There are many options these days for lighting your workspace. While a well-lit workspace is beneficial for the productivity of your employees, providing the lighting may not be as beneficial for your electric bill, or the earth. Luckily there are some options.
Of course the best way to light your space is to take advantage of natural sunlight. Try to ensure everyone has at least a view of a window. Upgrading office lighting to LED fixtures is a worthy investment. LED bulbs can last 10 times longer than fluorescent and 50 times longer than incandescent. Though the upfront investment of each bulb is higher, it will quickly pay for itself in terms of energy savings and less frequent bulb changes.
Another way to recoup some savings is to install dimmers onto some fixtures. For example spot lighting in a showroom is great to highlight your products and services, but perhaps you could dim those fixtures without taking away the distinction. Hallways and customer waiting rooms are other areas where you could dim lights slightly without impacting the ambience.
In areas such as restrooms and break rooms, occupancy sensors can be installed to control the lighting so that these rooms are not lit needlessly when no one is using them. For example, if break rooms are used primarily between the hours of 11-1, why pay to keep the lights on during the rest of the day? An occupancy sensor will turn lights off after roughly 7 minutes if no movement has been detected, and will turn the lights back on when someone enters the room for their afternoon trip to the vending machine.

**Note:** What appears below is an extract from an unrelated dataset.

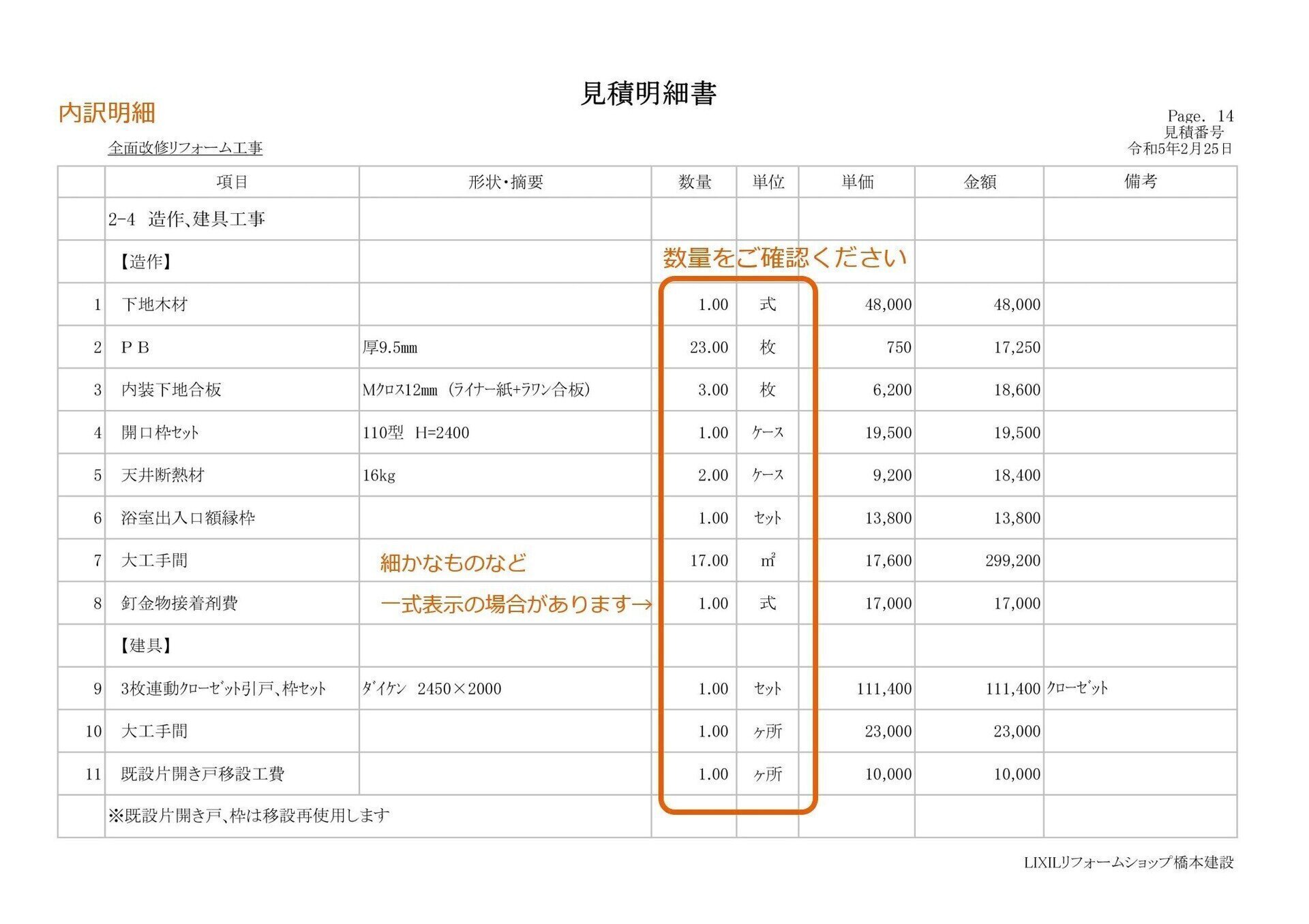 45. 取付費: 工事を行う職人さんの人件費です。工事の種類によって異なります。

The occupancy sensor can also be used in offices and workstations. Many times people leave their desks for a meeting or lunch and don’t think to switch off their personal tasklight. Those meetings could cause several hours of lamps needlessly burning up energy. Manufacturers of personal tasklights, such as Steelcase and Lightcorp, are creating personal fixtures with built in occupancy sensors. Steelcase’s dash fixture also has a continuous dimming control from 100% to 15%.
By adapting even small changes to the way you access lighting in your building, you should be able to change your lighting footprint. Employees will be more productive with the correct amount and type of lighting, and energy can be saved by putting these tips to use.